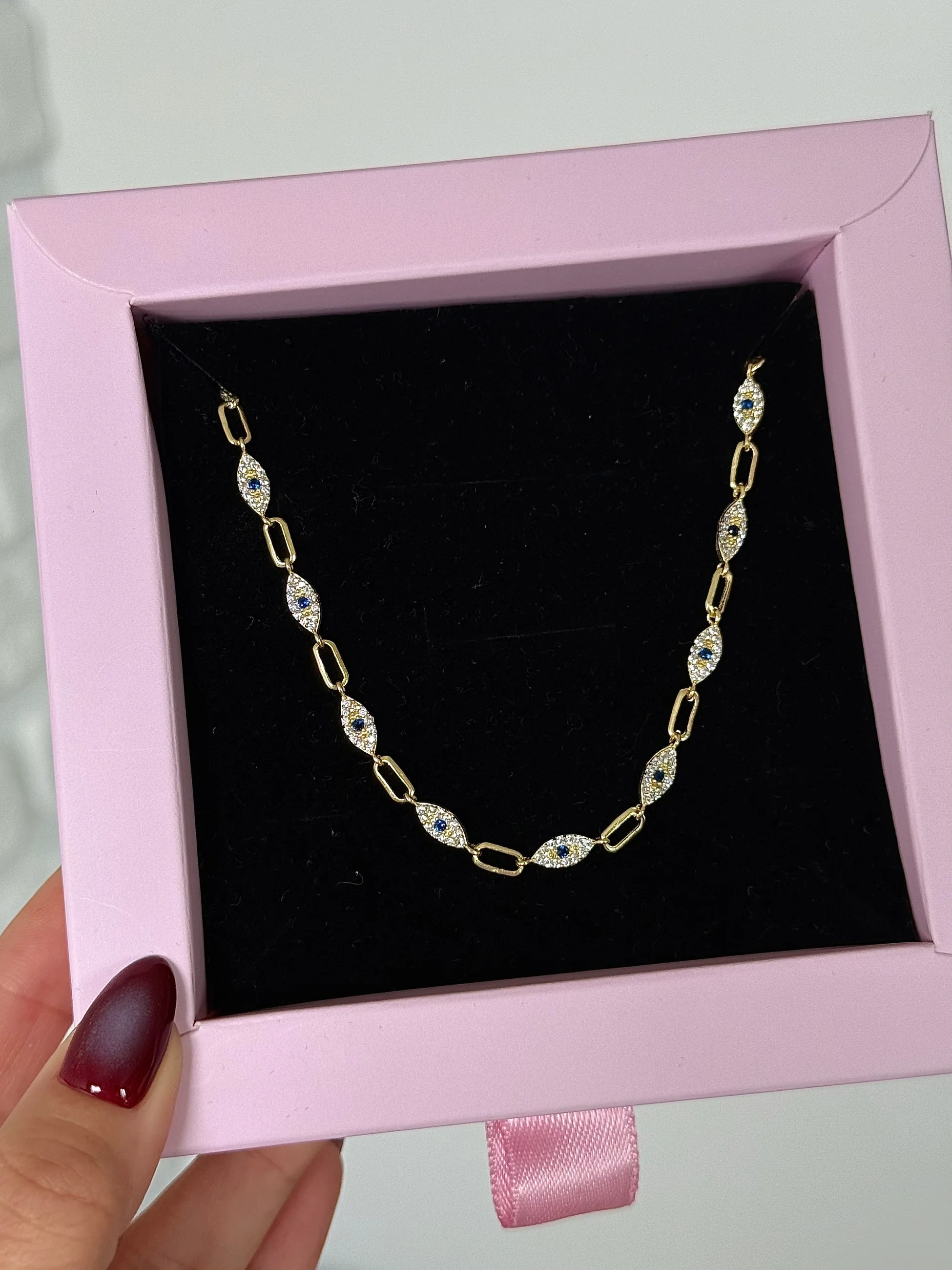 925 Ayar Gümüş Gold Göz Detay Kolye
:::::
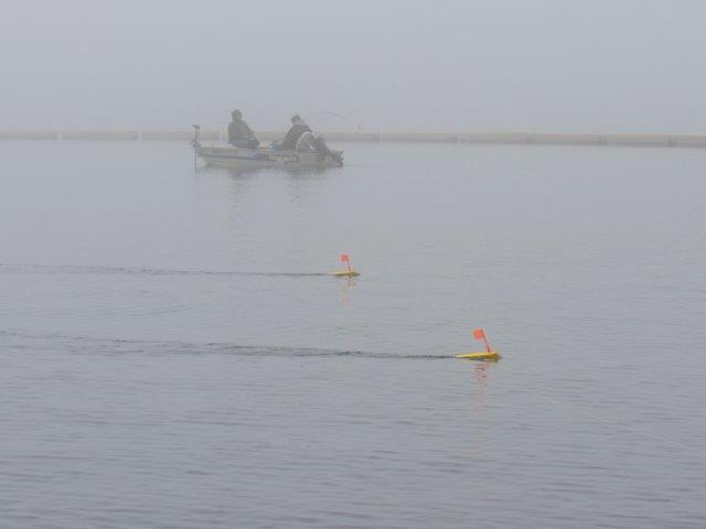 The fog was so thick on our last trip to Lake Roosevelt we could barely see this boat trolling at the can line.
:::::
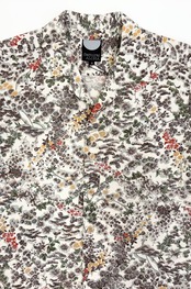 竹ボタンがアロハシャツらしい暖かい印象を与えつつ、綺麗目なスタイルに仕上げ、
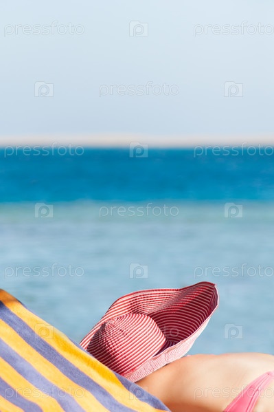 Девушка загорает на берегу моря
:::::
## About this task
Of all the material above, only the lines from the one that has "竹ボタンがアロハシャツらしい暖かい印象を与えつつ、綺麗目なスタイルに仕上げ、" down to the one that has "Девушка загорает на берегу моря" are to be written out, exactly and with both ends included. Pictures are skipped.

## Written response
 竹ボタンがアロハシャツらしい暖かい印象を与えつつ、綺麗目なスタイルに仕上げ、
 Девушка загорает на берегу моря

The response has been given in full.